ANURADHAPURA

Founded around 5th Century BC, Anuradhapura is the oldest city in the Cultural Triangle and Sri Lanka’s first capital. In its heyday, tens of thousands of people lived in a city of royal palaces, monasteries, temples topped by glittering jewels, houses of two or three storeys, shops, pleasure gardens, bathing pools and wooded parks. Today, the restored remains of ancient Anuradhapura are dotted amidst peaceful parks to the north and west of the modern city. Among the many bell-shaped dagobas or temples are Thuparama (which enshrines a relic of Lord Buddha), and Ruwanweli, rebuilt to its original 2nd century BC bubble shape. Other dagobas include the 1st century BC Abhayagiri and 3rd century BC Jetawana, both around 120 metres high and second in height only to Egypt’s mightiest pyramids at Giza.

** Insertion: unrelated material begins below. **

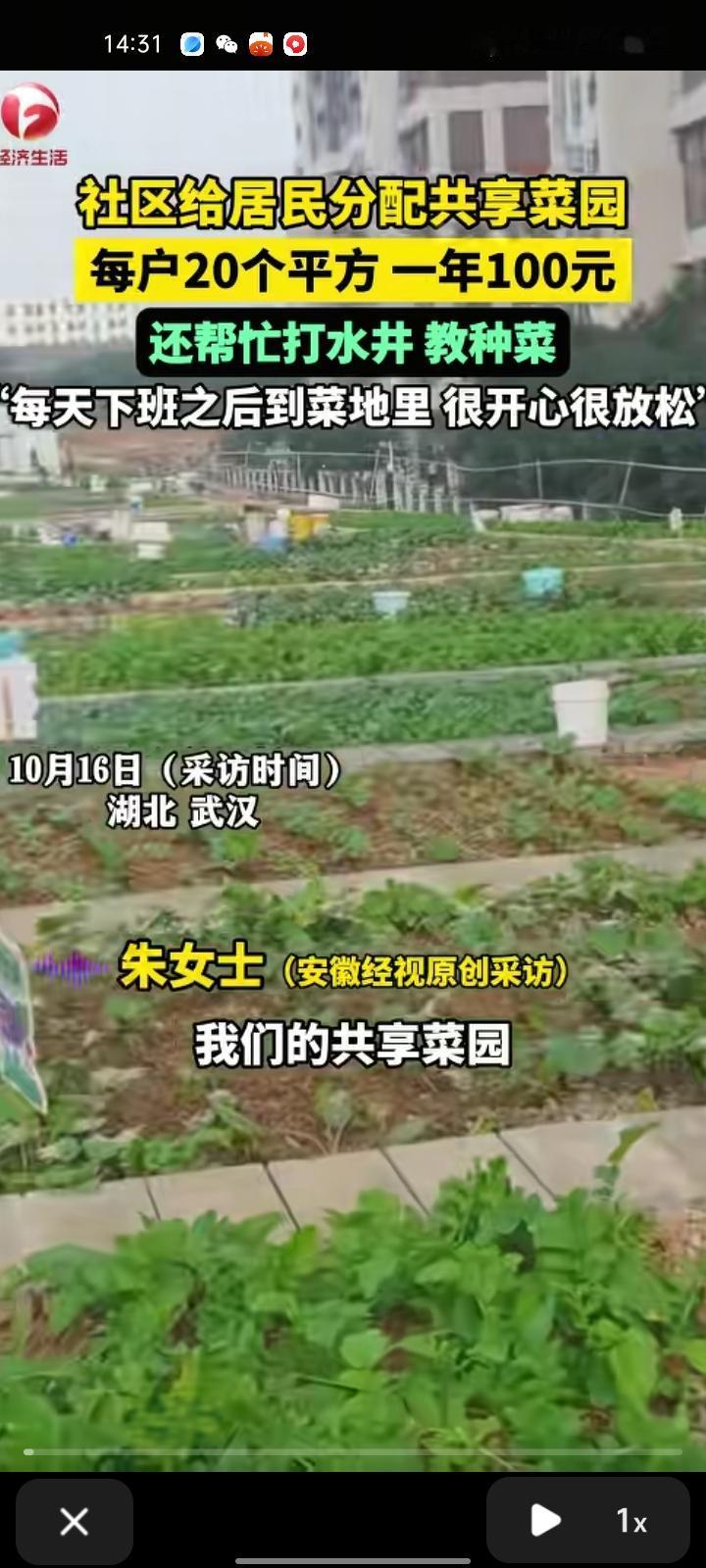 10月15日,湖北武汉。女子晒视频称,社区居委会分配共享菜园,每户20平,一年100元。不仅如此,居委会不仅给大家打水井,还专门请农业大学志愿者来教大家如何种菜、施肥、除虫。自己种的菜吃的安心,在菜地里和邻居聊天,像一个和谐的大家庭,很开心又很放松。

Excavations have unearthed jewellery, sculptures, coins and other rare artefacts including seven Buddhist scriptures etched into sheets of beaten gold. Soaring towards the sky, the magnificent dagobas reached monumental proportions during the period of the kingdom of Anuradhapura, which lasted for about 1,500 years, until the 10th century AD. Stone pillars are all that remains of the 1,000-room monks’ residence or Brazen Palace, near Sri Maha Bodhi or the sacred bo tree, a slender fig or Ficus religiosa supported by iron crutches. The oldest historically documented tree on earth, this grew from a sapling taken over 2,200 years ago from the very same tree under which Lord Buddha gained enlightenment. The finest of the carved stone figures protecting gateways (guard stones) at Anuradhapura is at the pavilion of Ratna Prasada.